Procedural Delays and Vague Legislation
Beyond the fundamental question of integrity, Mehta also took aim at the procedural inefficiencies that bog down arbitral proceedings, undermining their primary advantage over litigation: speed. He sharply criticised the frequent and lengthy adjournments sought by and granted to overburdened arbitrators.
"Earlier, we had only one category of professionals whose dates were problematic and they were film stars. Now the second category is arbitrators," he remarked wryly. These delays, often stretching proceedings by months, frequently compel parties to seek extensions from courts under Section 29A of the Act, defeating the purpose of a swift resolution.
The Solicitor General also highlighted ambiguities within the legal framework itself, particularly Section 34 of the Arbitration and Conciliation Act, which governs the grounds for challenging an arbitral award. He argued that terms like 'patent illegality' and 'perversity' are inherently subjective and lack clear, objective criteria. This vagueness, he opined, leads to inconsistent judicial interpretations and prolonged legal battles over the finality of awards, effectively turning the courts into appellate forums for arbitration. While he floated the idea of a specialised tribunal to handle Section 34 challenges, he remained cautious, noting that "tribunalisation has not worked well in India so far."
The Challenge of Artificial Intelligence in Arbitration
Looking to the future, Mehta raised a pressing concern regarding the integration of artificial intelligence in the arbitral process.
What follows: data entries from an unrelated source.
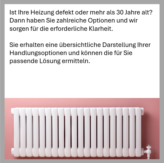 - Beratung zur zukunftsfähigen Heizungslösung und bei Heizungstausch.
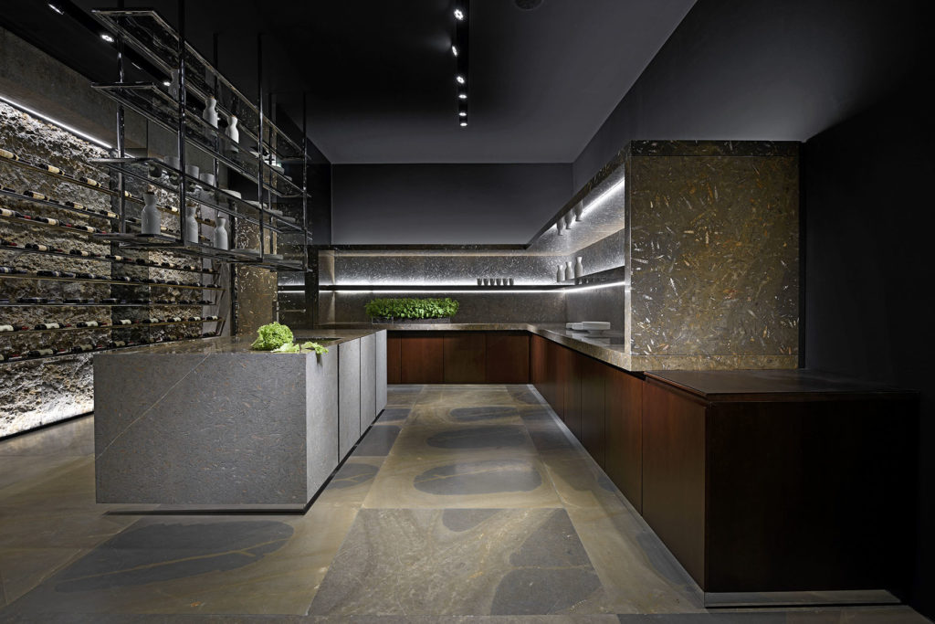 La winery con cucina progettata da Alessandro La Spada con la collezione Jurassic Brown (foto Antolini)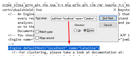 6) Now Search for <Engine defaultHost="localhost" name="Catalina">
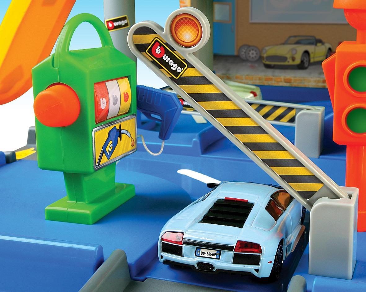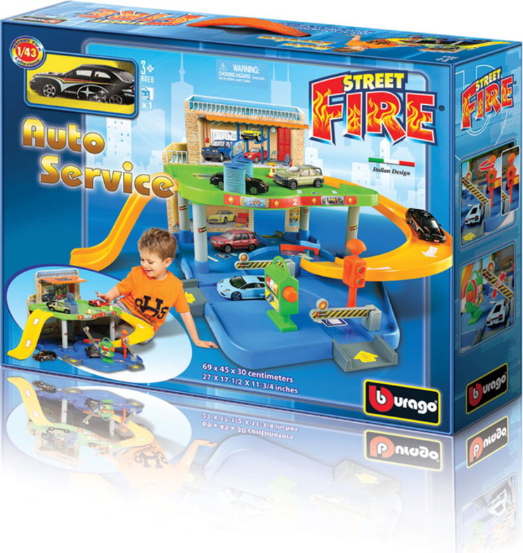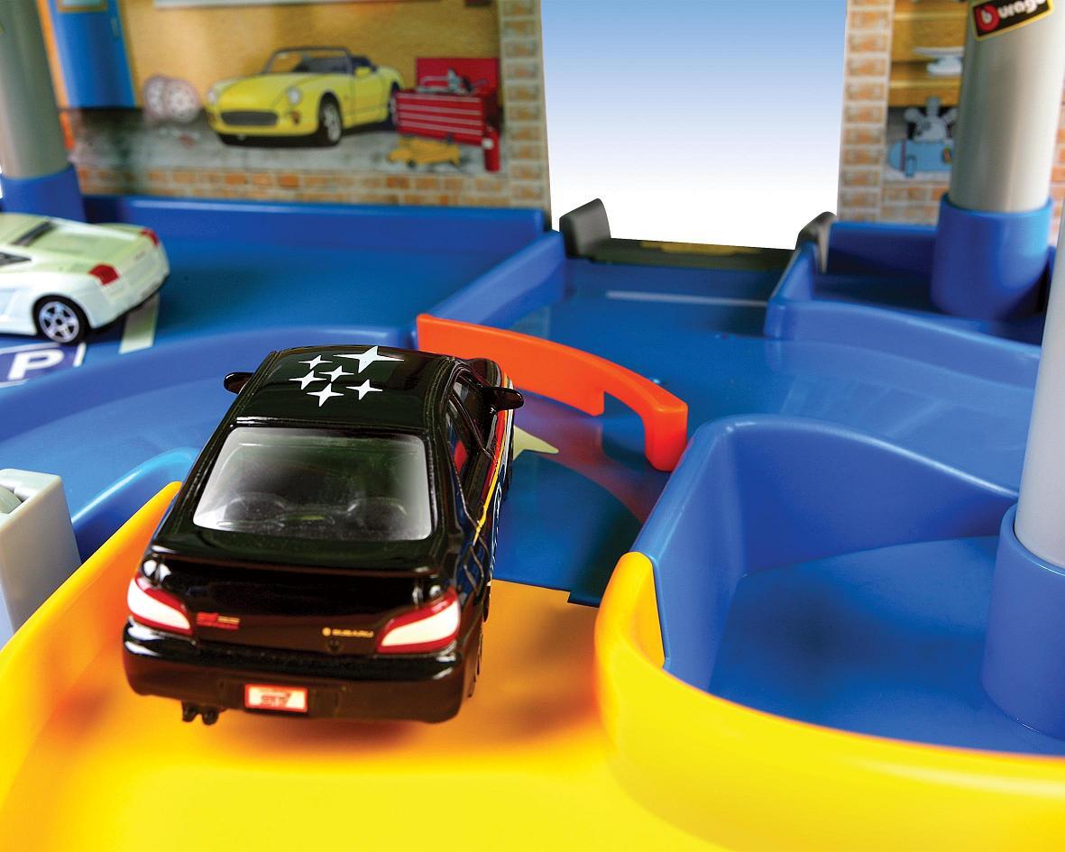 Bburago poschodová garáž s autoservisom 30039, výrobca BBurago. Skladacia poschodová garáž obsahuje všetko, čo bude malý opravár k hre potrebovať. Súčasťou je: autoopravovňa, cesta, rampa, pumpa, umzvárka...V balení je aj jedno autíčko Bburago v mierke 1:43.Rozmer garáže je 69x45x30 cm. Pre deti do 3 rokov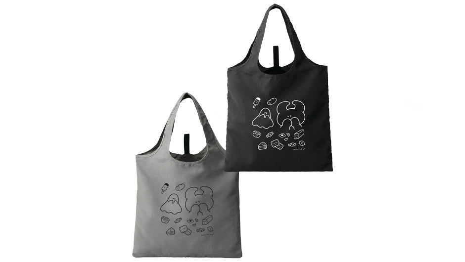 そんなふたりがプリントされたエコバッグが、黒とグレーの2色で登場!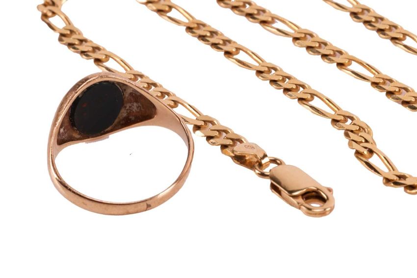A figaro link chain, of flattened links to a lobster clasp, in yellow metal with British hallmarks for 9ct, 52.0cm in length, 10.0 grams; together with a bloodstone signet ring, with a central polished oval bloodstone of 9.8mm x 7.5mm, set in yellow metal stamped "9", testing as 9ct, size M 1/2, 2.2 grams.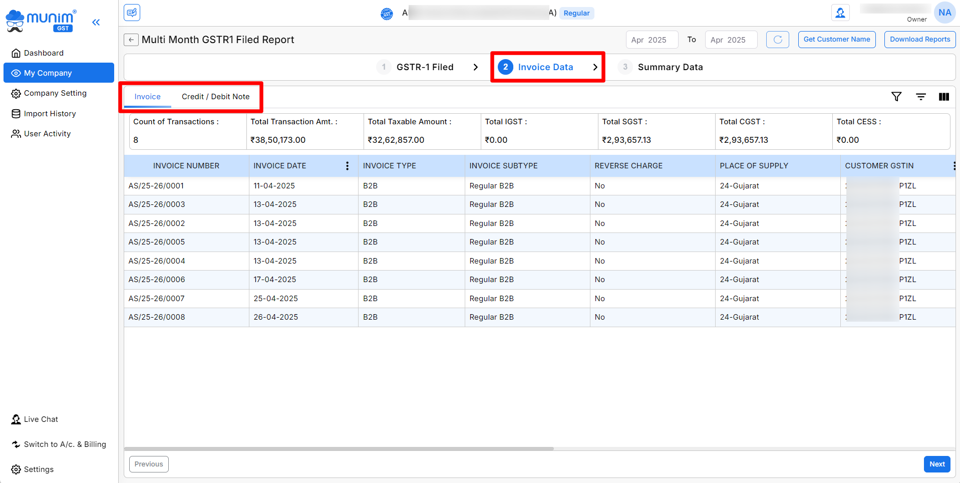 - Once the data is downloaded from the portal, on the Invoice Data page, you can check the data that is available in Invoice format. eg, B2B, Credit/Debit Note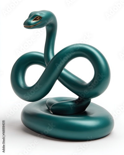 © Hamid, Fototapeta premium Teal snake figurine, coiled in infinity symbol, on a teal base
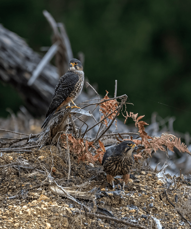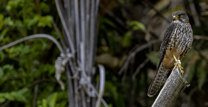 At the end of 2014, two female juvenile kārearea were released from the museum. One of them was called Maia (single orange band). We knew we were tempting fate when we put an orange band on Maia, the same colour band as that of Maureen - Hatupatu's first love. While Hatupatu spent a lot of time out in the forest, he would keep coming back to the Museum at least twice a day to partake in the supplementary food that the volunteers would put out for him (and now for the two newly released falcons). It was only a matter of time before Hatupatu set his eyes on Maia and eventually he lured her away from the Museum to his little slice of paradise in the forest - a bond that would last for the next four years.

He warned against the outsourcing of core judicial functions to AI tools like ChatGPT, referencing foreign instances where such technology was allegedly used to draft awards.
This practice, he contended, directly contravenes the statutory requirement of a "reasoned award."
“Arbitral award has to be a reasoned award and the word 'reasoned award' would necessarily mean reason of the arbitrator. If you outsource your core judicial function, the award suffers from patent illegality,” he warned.
His comments underscore a growing debate at the intersection of law and technology: how to leverage AI for efficiency without compromising fundamental legal principles like judicial application of mind and the integrity of the decision-making process.
Conclusion: A Call for a Cultural and Institutional Shift
The Solicitor General's comprehensive critique was not merely a list of grievances but a call to action for all stakeholders—legislators, judges, arbitrators, and practitioners. He stressed that while integrity cannot be legislated, the system can and must create robust safeguards to ensure fairness and impartiality.
His speech signals a potential inflection point for arbitration in India. As the country aims to establish itself as a global hub for international commercial arbitration, the issues of integrity, transparency, and efficiency are paramount. The proposed legislative amendments, coupled with a necessary cultural shift towards greater ethical accountability, will be crucial in determining whether arbitration can reclaim its status as a credible, efficient, and just alternative to conventional litigation. The legal community now watches keenly to see how these powerful observations will translate into concrete policy and legislative action.